A few years ago, I started a painting about vampire bats. The end product looked like a psychedelic cartoon of pink gremlins in an apocalyptic candyland. I very quickly despised everything about it and rolled it up to be banished under the couch, a gift to the dust, never to be seen again.
Some days, my work flows through me like casual conversation. I make the right decisions without distinctly deciding anything at all. Then, there are the days, like with my vampire bats, when I look at my painting and see a complete stranger; where an intricately laid thin line turns into a lightning strike fracturing my piece in two, or a beautifully textured wash, that took hours, dissolves into a flat aimless smear. Or worse, when the meaning of my piece that seemed so thought-out does not come through at all, leaving a boring, random animal painting: vampire bats.
Wasted time, unaccomplished, distracted, unable, delusional, untalented, subpar — the negativity born from perceived “mistakes” can crumble the delicate momentum of the creative process.
When I come to these moments of frustration over my creative mistakes and I am reminded of Pandas — the bamboo-eating, cow-spotted, fat, fluffy, notoriously cute six-fingered bears. Yes, four fingers and two thumbs (one opposable like ours and one stagnant like other bears) for a total of six fingers. This funny little Panda fact baffled scientists for a long time, until a comprehensive study on Panda anatomy was done only to find out that one of the thumbs was not a thumb at all, but an extension of the wrist bone that had grown to be so big and muscular that it acted and moved like an opposable thumb.
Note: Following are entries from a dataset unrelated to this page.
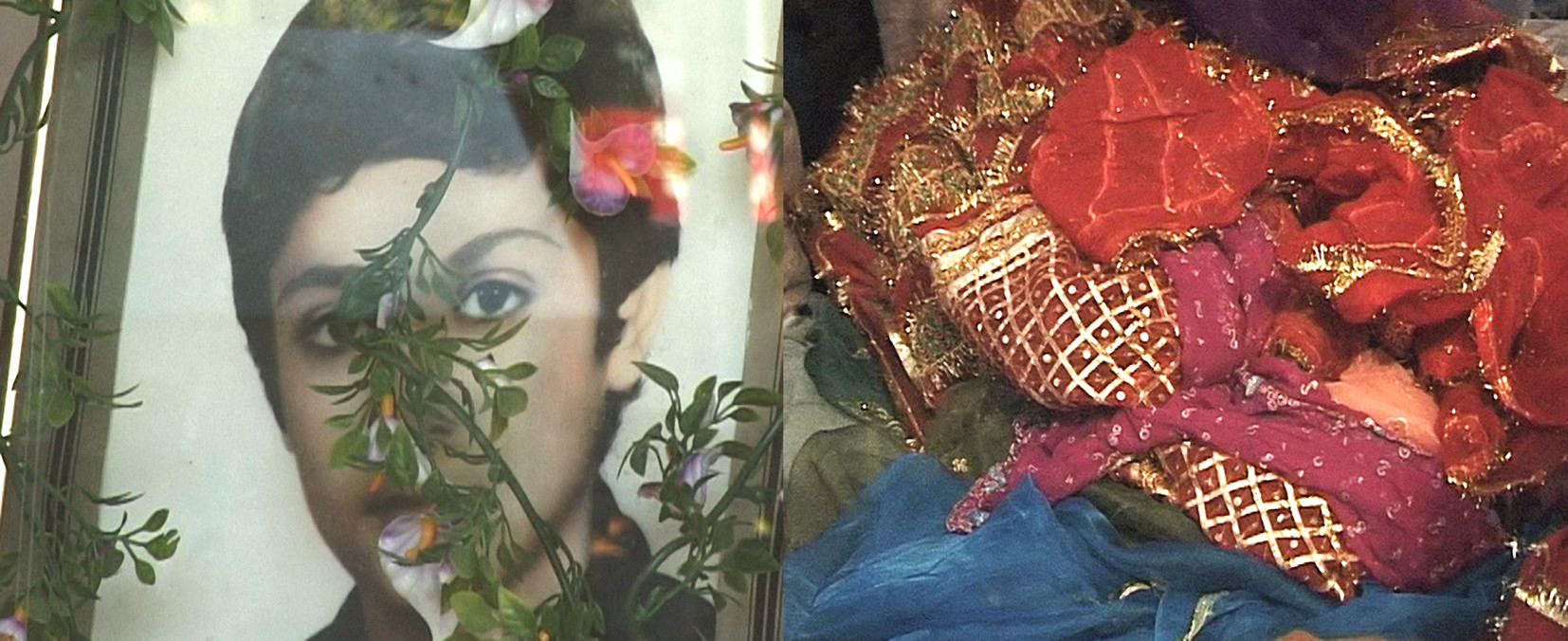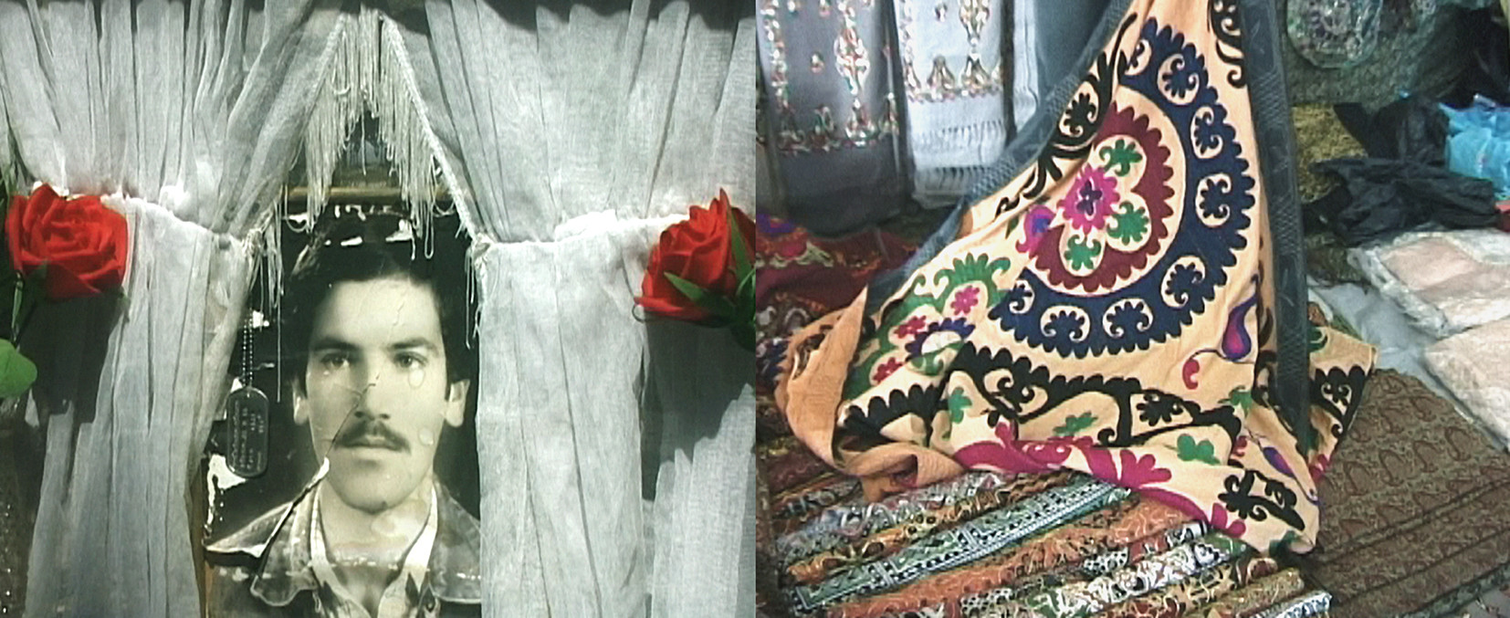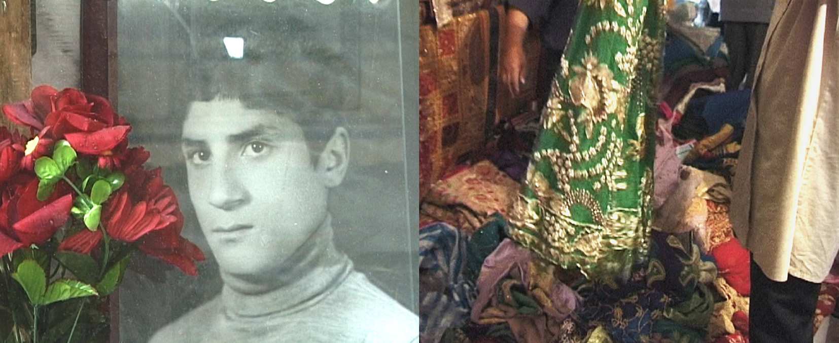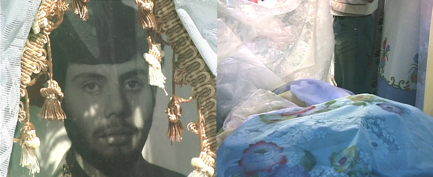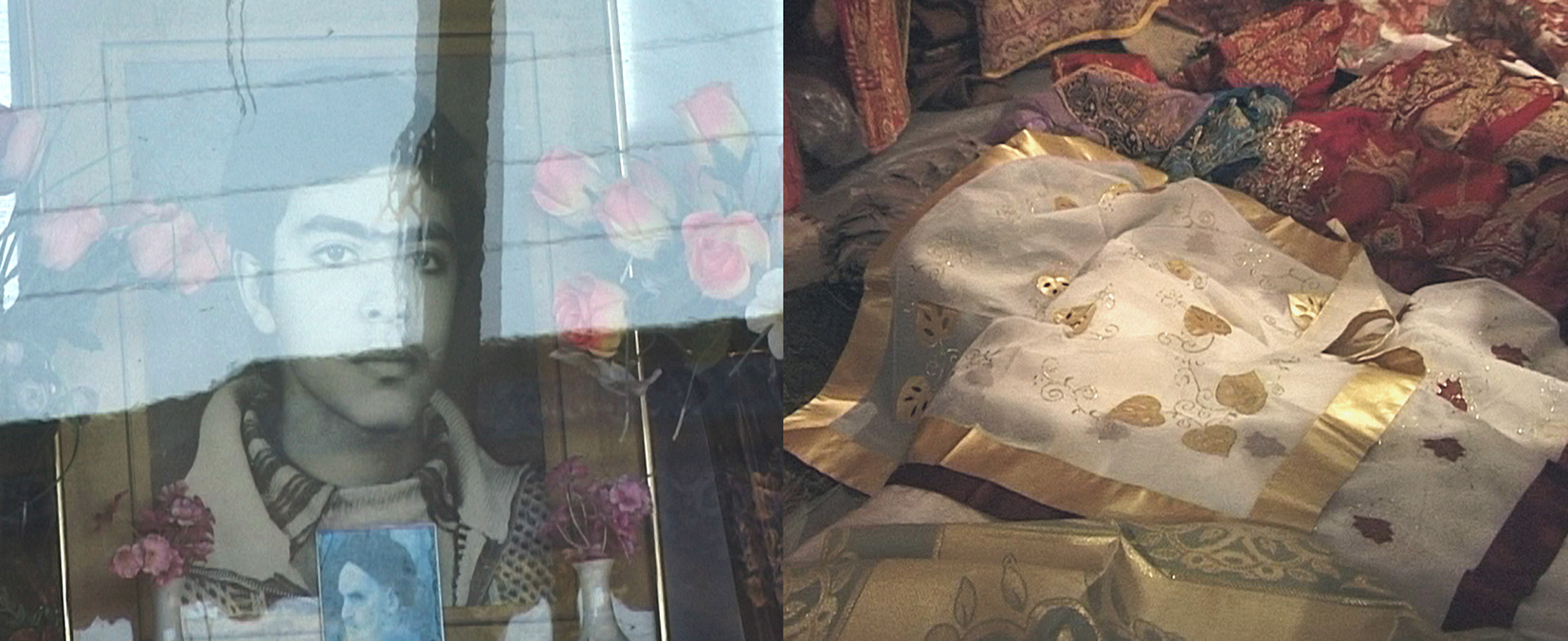 The series of diptyches photographs entitled Blossom are stills from the film Blossom. On one side, one sees images of dead Iranian young men (martyrs from the 1980-1988 Iraq-Iran war) –shown in a small glass case, a symbolic bridal room. In these memorial cases, relatives have placed memorabilia and flowers as well as transparent curtains.
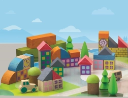 - 40 dřevěných kostek + herní podložka pro stavbu vesničky
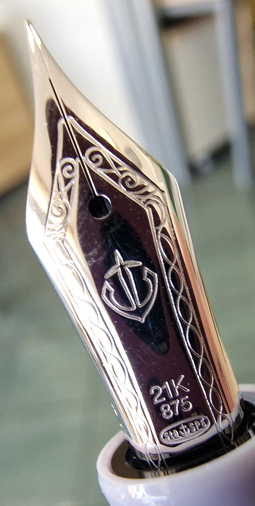 E' una questione di inclinazione e pressione: con il mio pennino a un'altezza di circa 50 gradi e rotei poi a ore 10 vedrai arriva una specie di sweetspot la mia inchiostrata con la myosotis diventa davvero scorrevole in quella posizione , più della mia EF platinum.
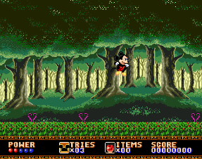 《米老鼠之奇幻城堡》是美国游戏制造商制作的一款动作冒险游戏。游戏故事讲述,米奇和女友米妮在大森林中快乐地跳舞时,米妮被巫婆抓走,米奇一路跟随,在悬崖边上,他看到了一座被阴暗压抑所包围的城堡。从此他开始了解救女友的危险之路。
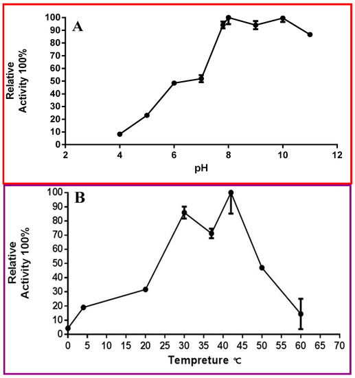 The effect of pH (A) or temperature (B) on the OcUGlcAE3 activity.
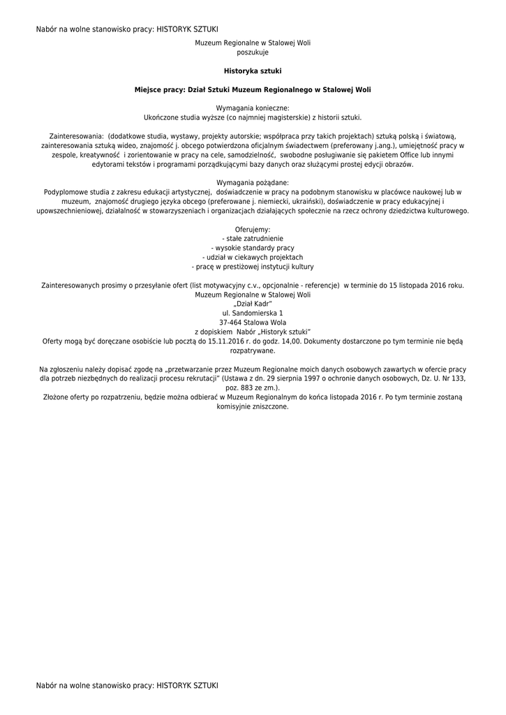 Nabór na wolne stanowisko pracy: HISTORYK SZTUKI Muzeum Regionalne w Stalowej Woli poszukuje Historyka sztuki Miejsce pracy: Dział Sztuki Muzeum Regionalnego w Stalowej Woli Wymagania konieczne: Ukończone studia wyższe (co najmniej magisterskie) z historii sztuki. Zainteresowania: (dodatkowe studia, wystawy, projekty autorskie; współpraca przy takich projektach) sztuką polską i światową, zainteresowania sztuką wideo, znajomość j. obcego potwierdzona oficjalnym świadectwem (preferowany j.ang.), umiejętność pracy w zespole, kreatywność i zorientowanie w pracy na cele, samodzielność, swobodne posługiwanie się pakietem Office lub innymi edytorami tekstów i programami porządkującymi bazy danych oraz służącymi prostej edycji obrazów. Wymagania pożądane: Podyplomowe studia z zakresu edukacji artystycznej, doświadczenie w pracy na podobnym stanowisku w placówce naukowej lub w muzeum, znajomość drugiego języka obcego (preferowane j. niemiecki, ukraiński), doświadczenie w pracy edukacyjnej i upowszechnieniowej, działalność w stowarzyszeniach i organizacjach działających społecznie na rzecz ochrony dziedzictwa kulturowego. Oferujemy: - stałe zatrudnienie - wysokie standardy pracy - udział w ciekawych projektach - pracę w prestiżowej instytucji kultury Zainteresowanych prosimy o przesyłanie ofert (list motywacyjny c.v., opcjonalnie - referencje) w terminie do 15 listopada 2016 roku. Muzeum Regionalne w Stalowej Woli „Dział Kadr” ul. Sandomierska 1 37-464 Stalowa Wola z dopiskiem Nabór „Historyk sztuki” Oferty mogą być doręczane osobiście lub pocztą do 15.11.2016 r. do godz. 14,00. Dokumenty dostarczone po tym terminie nie będą rozpatrywane. Na zgłoszeniu należy dopisać zgodę na „przetwarzanie przez Muzeum Regionalne moich danych osobowych zawartych w ofercie pracy dla potrzeb niezbędnych do realizacji procesu rekrutacji” (Ustawa z dn. 29 sierpnia 1997 o ochronie danych osobowych, Dz. U. Nr 133, poz. 883 ze zm.). Złożone oferty po rozpatrzeniu, będzie można odbierać w Muzeum Regionalnym do końca listopada 2016 r. Po tym terminie zostaną komisyjnie zniszczone. Nabór na wolne stanowisko pracy: HISTORYK SZTUKI

Our own sacred opposable thumb that we hold at such high esteem as a distinctive trait in our dominance, was recreated by a Panda’s wrist bone so it can eat bamboo faster. Why did the Panda not evolve to make the already existing thumb, opposable? Why not evolve another thumb bone altogether? While it may go against all logic, the wrist-thumb works. And in times when I look at my work and the self critic in me gets up in arms, I have to remember the many paths to finding a viable solution.
Its not “the best”, “the worst”, “right” or “wrong”; its a non-stop, improvised process that flows slowly with time, stretching, struggling, and twisting down a jury-rigged path.
You may see a mutation, but give it time, and it could lead to best thing you’ve ever created.
My anger over the vampire bat painting is over. Yes, it is still rolled up, but in my studio now and I occasionally take it out and look at it with admiration. I think about it without a grimace on my face, considering each awkward brushstroke as a step that bridges my past work to my current and future work. We’ll all experience deviations, mess-ups, break-ups, regrettable words, and embarrassing paintings. These bumps in our lives can be disgraced as unwanted mutations, unorthodox and shameful, or be highlighted and accepted as a new change, a chance to evolve and create something greater.